EXERCISE INSTRUCTIONS
This exercise calls for retyping every line below exactly, with the images omitted.

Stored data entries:
= = =
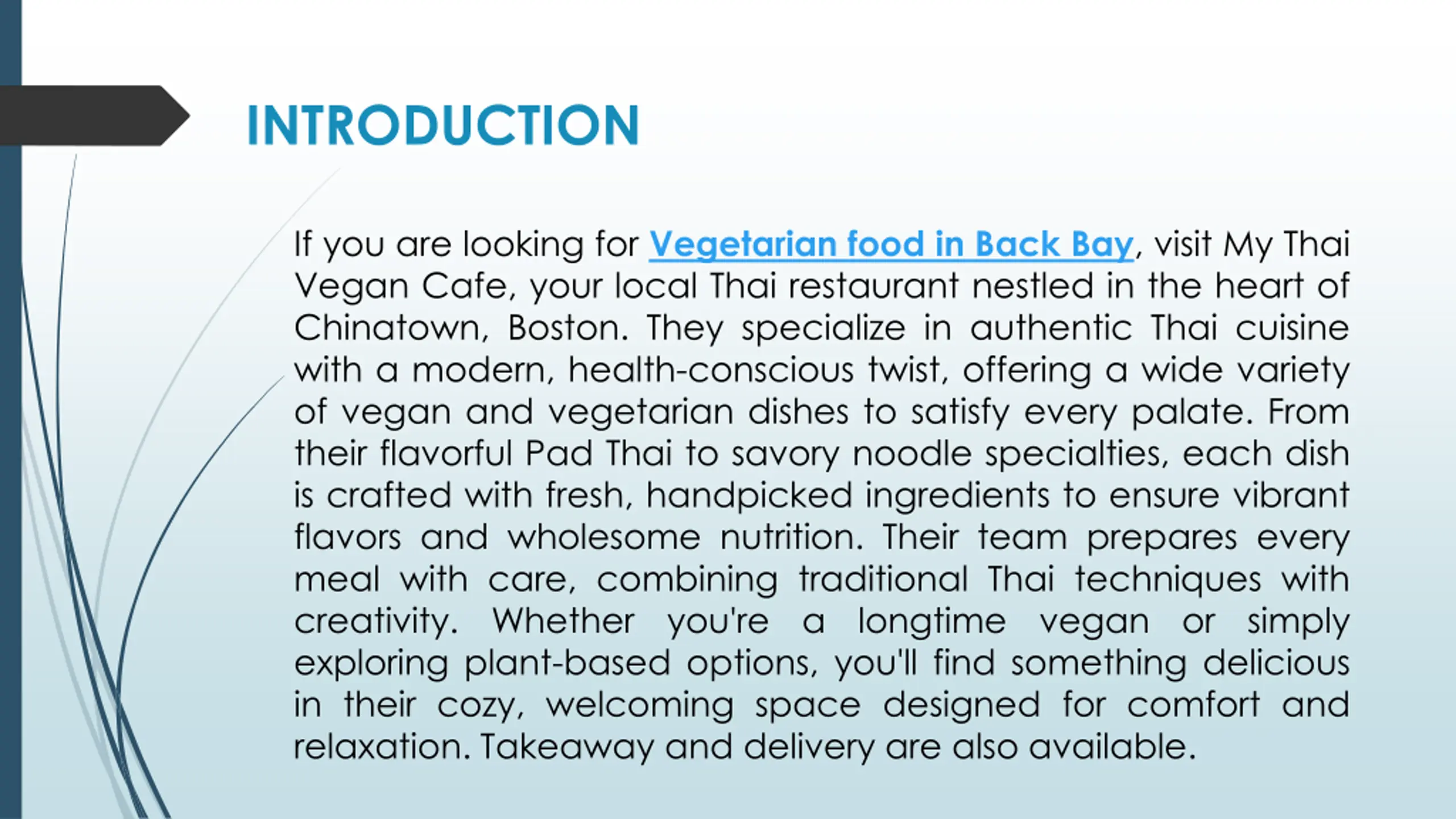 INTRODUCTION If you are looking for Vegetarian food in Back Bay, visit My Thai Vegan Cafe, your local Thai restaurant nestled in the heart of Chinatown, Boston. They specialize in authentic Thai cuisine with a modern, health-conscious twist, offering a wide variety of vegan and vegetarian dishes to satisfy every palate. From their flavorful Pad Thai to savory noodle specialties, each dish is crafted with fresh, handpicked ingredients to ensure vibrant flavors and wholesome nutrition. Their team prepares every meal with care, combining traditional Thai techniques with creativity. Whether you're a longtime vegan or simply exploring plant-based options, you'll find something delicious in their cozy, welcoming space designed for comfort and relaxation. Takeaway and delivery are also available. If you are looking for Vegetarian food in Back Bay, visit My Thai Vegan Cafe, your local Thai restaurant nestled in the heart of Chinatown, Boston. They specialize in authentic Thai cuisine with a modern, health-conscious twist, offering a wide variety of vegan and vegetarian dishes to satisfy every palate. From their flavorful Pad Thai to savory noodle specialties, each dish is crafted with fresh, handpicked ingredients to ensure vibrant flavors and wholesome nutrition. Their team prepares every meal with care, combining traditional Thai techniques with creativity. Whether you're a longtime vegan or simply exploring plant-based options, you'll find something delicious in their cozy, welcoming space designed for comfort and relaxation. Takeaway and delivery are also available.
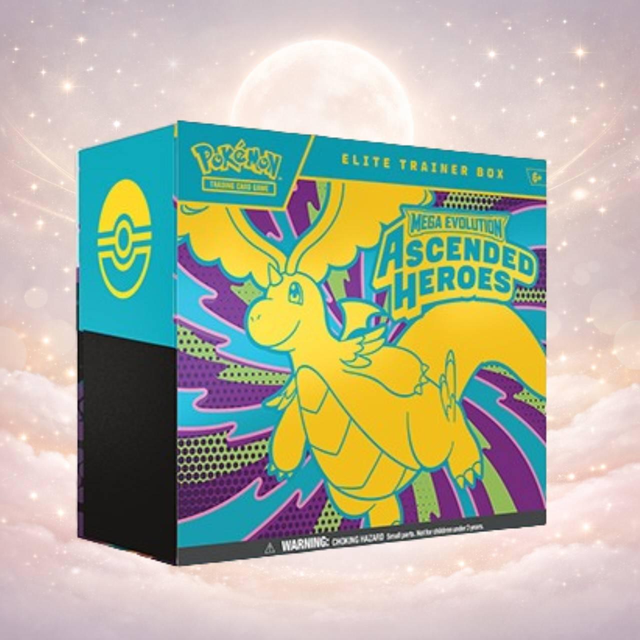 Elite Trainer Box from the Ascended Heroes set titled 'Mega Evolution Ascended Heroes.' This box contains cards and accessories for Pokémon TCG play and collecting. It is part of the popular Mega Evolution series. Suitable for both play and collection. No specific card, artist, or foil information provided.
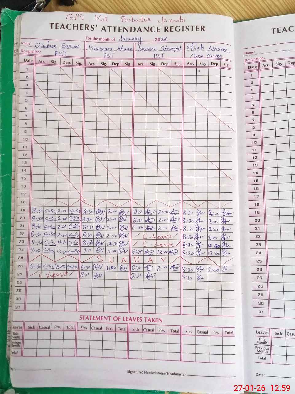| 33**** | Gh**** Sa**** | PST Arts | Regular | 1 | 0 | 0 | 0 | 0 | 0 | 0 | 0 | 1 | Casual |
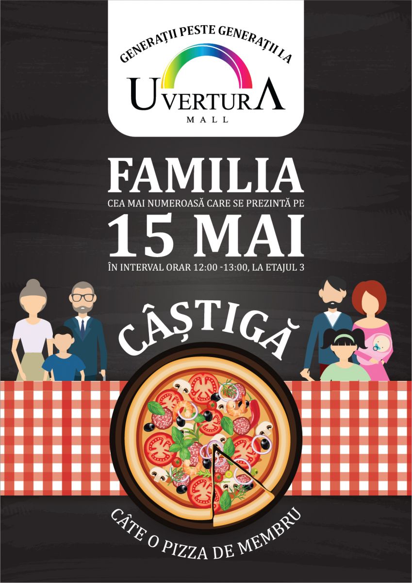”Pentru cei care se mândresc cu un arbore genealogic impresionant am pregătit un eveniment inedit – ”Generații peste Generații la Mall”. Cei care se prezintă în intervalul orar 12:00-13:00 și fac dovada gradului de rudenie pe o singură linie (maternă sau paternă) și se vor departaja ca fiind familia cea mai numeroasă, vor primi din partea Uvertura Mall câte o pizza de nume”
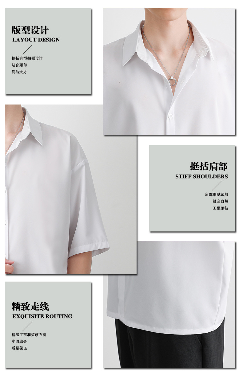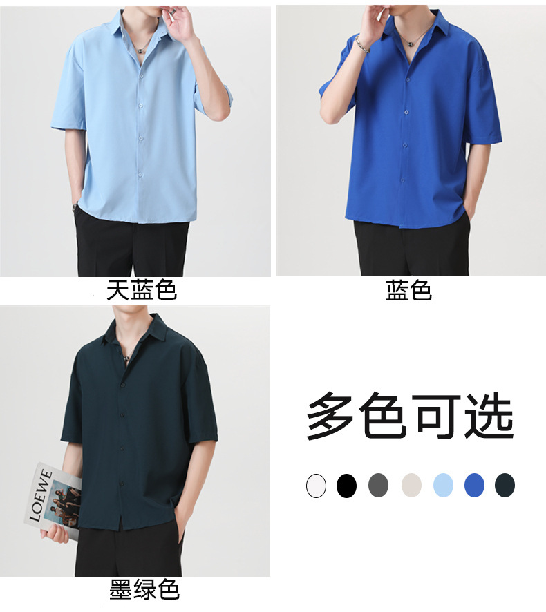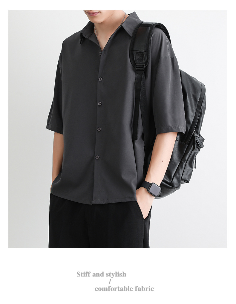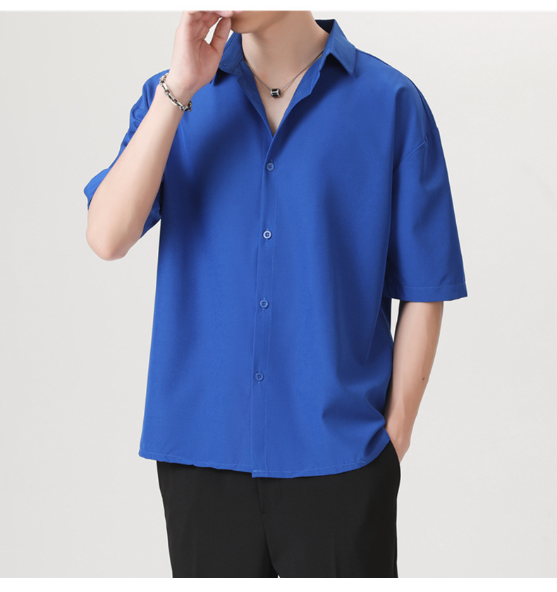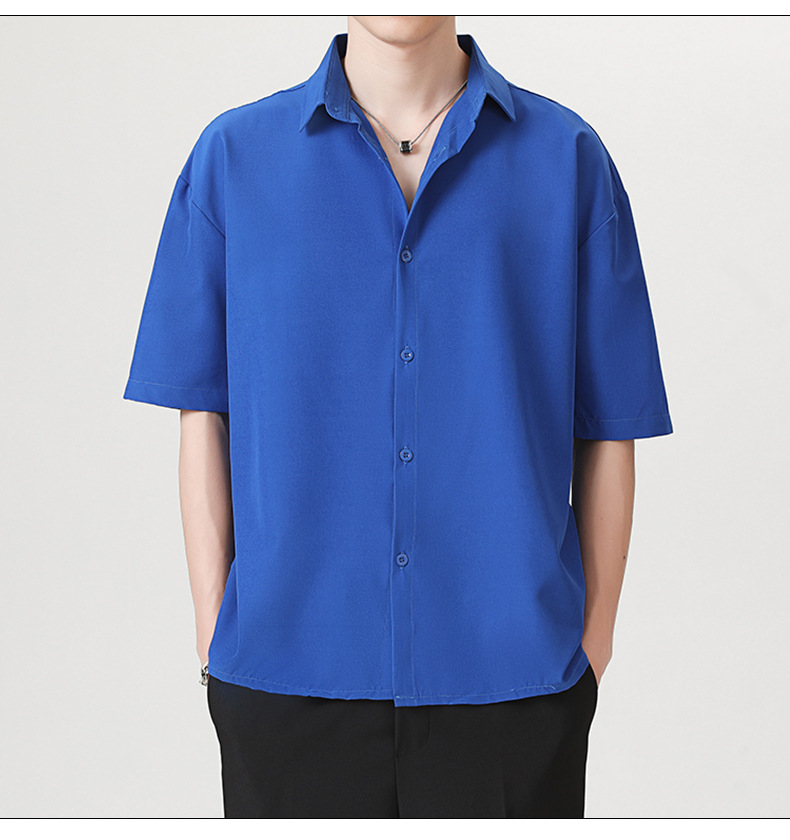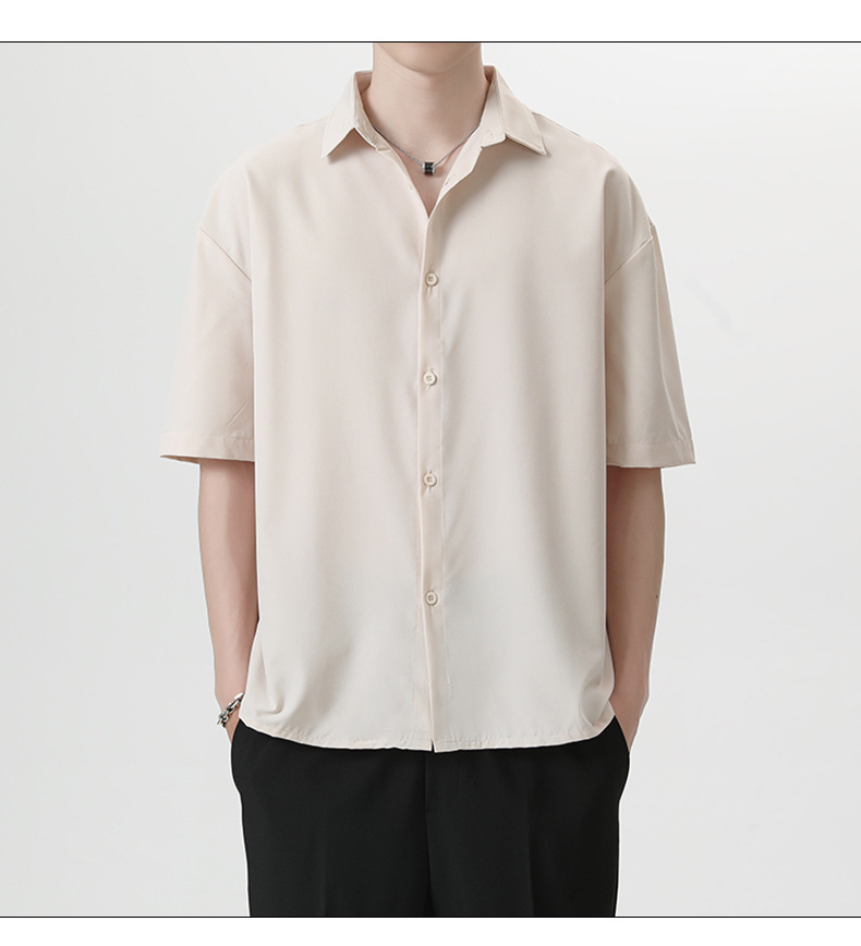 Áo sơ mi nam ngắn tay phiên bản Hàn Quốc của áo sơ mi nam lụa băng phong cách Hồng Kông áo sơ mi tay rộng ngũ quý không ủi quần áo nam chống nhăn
= = =
ANSWER FOR THIS EXERCISE
 INTRODUCTION If you are looking for Vegetarian food in Back Bay, visit My Thai Vegan Cafe, your local Thai restaurant nestled in the heart of Chinatown, Boston. They specialize in authentic Thai cuisine with a modern, health-conscious twist, offering a wide variety of vegan and vegetarian dishes to satisfy every palate. From their flavorful Pad Thai to savory noodle specialties, each dish is crafted with fresh, handpicked ingredients to ensure vibrant flavors and wholesome nutrition. Their team prepares every meal with care, combining traditional Thai techniques with creativity. Whether you're a longtime vegan or simply exploring plant-based options, you'll find something delicious in their cozy, welcoming space designed for comfort and relaxation. Takeaway and delivery are also available. If you are looking for Vegetarian food in Back Bay, visit My Thai Vegan Cafe, your local Thai restaurant nestled in the heart of Chinatown, Boston. They specialize in authentic Thai cuisine with a modern, health-conscious twist, offering a wide variety of vegan and vegetarian dishes to satisfy every palate. From their flavorful Pad Thai to savory noodle specialties, each dish is crafted with fresh, handpicked ingredients to ensure vibrant flavors and wholesome nutrition. Their team prepares every meal with care, combining traditional Thai techniques with creativity. Whether you're a longtime vegan or simply exploring plant-based options, you'll find something delicious in their cozy, welcoming space designed for comfort and relaxation. Takeaway and delivery are also available.
 Elite Trainer Box from the Ascended Heroes set titled 'Mega Evolution Ascended Heroes.' This box contains cards and accessories for Pokémon TCG play and collecting. It is part of the popular Mega Evolution series. Suitable for both play and collection. No specific card, artist, or foil information provided.
| 33**** | Gh**** Sa**** | PST Arts | Regular | 1 | 0 | 0 | 0 | 0 | 0 | 0 | 0 | 1 | Casual |
”Pentru cei care se mândresc cu un arbore genealogic impresionant am pregătit un eveniment inedit – ”Generații peste Generații la Mall”. Cei care se prezintă în intervalul orar 12:00-13:00 și fac dovada gradului de rudenie pe o singură linie (maternă sau paternă) și se vor departaja ca fiind familia cea mai numeroasă, vor primi din partea Uvertura Mall câte o pizza de nume”
 Áo sơ mi nam ngắn tay phiên bản Hàn Quốc của áo sơ mi nam lụa băng phong cách Hồng Kông áo sơ mi tay rộng ngũ quý không ủi quần áo nam chống nhăn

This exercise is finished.